Work instruction:
At the line with "Knoblauch-Parmesan-Hähnchen-Spaghetti mit cremigem", start transcribing; stop after the last line of the data below. Keep it exact and leave pictures out.

Recorded data:
= Beginning of Section =

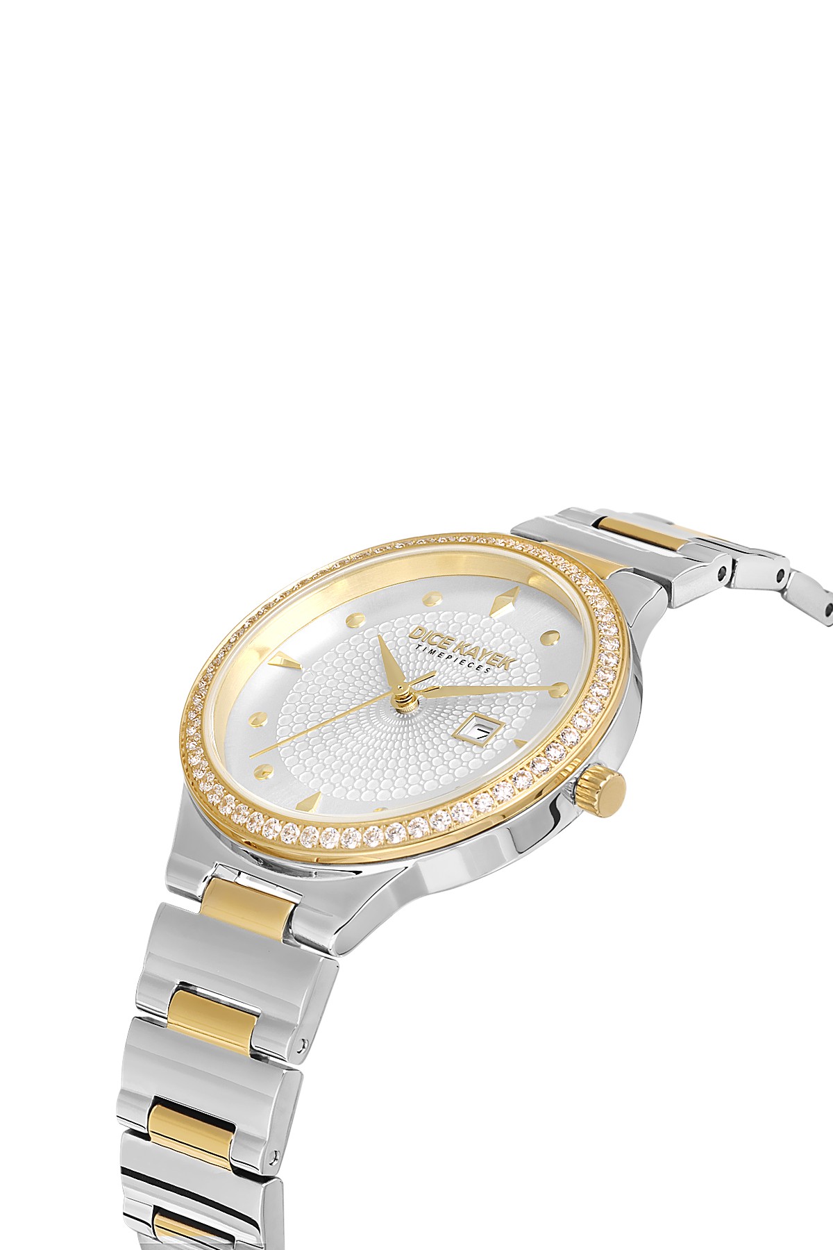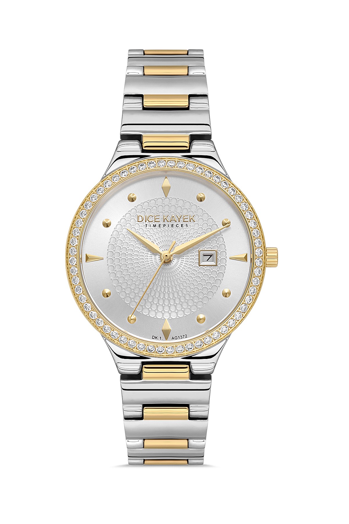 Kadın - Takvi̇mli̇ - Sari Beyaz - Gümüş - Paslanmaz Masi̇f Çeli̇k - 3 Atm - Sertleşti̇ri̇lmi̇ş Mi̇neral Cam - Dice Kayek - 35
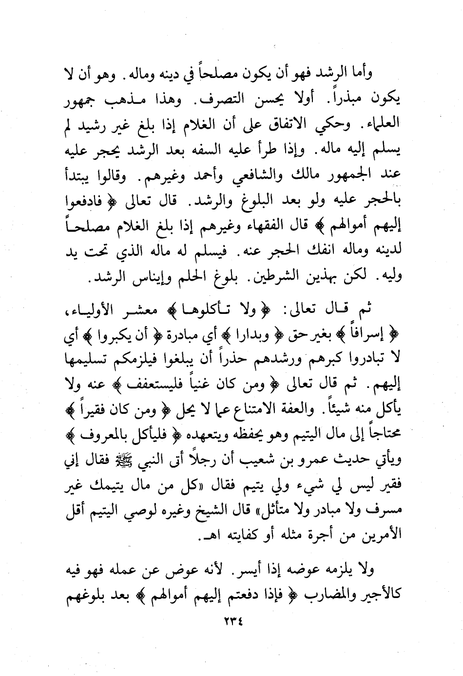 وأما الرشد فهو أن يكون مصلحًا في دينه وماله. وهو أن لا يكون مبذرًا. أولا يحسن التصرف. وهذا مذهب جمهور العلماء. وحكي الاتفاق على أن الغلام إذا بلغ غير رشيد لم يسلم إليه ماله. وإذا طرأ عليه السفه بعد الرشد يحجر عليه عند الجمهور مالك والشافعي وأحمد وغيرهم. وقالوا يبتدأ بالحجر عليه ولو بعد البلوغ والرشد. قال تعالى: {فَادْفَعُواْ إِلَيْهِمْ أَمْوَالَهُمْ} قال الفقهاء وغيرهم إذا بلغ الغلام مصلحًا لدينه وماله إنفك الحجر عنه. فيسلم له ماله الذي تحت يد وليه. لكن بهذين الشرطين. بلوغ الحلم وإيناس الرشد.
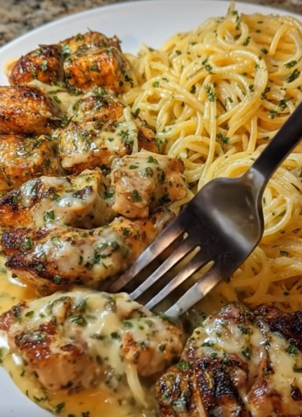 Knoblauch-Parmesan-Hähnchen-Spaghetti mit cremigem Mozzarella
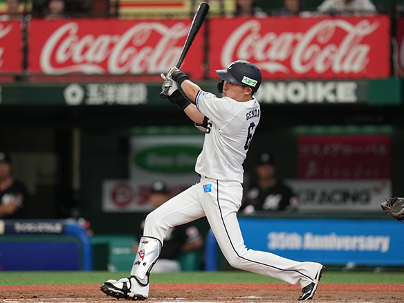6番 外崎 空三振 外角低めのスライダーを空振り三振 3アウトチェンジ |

= End of Section =

Written solution:
 Knoblauch-Parmesan-Hähnchen-Spaghetti mit cremigem Mozzarella
6番 外崎 空三振 外角低めのスライダーを空振り三振 3アウトチェンジ |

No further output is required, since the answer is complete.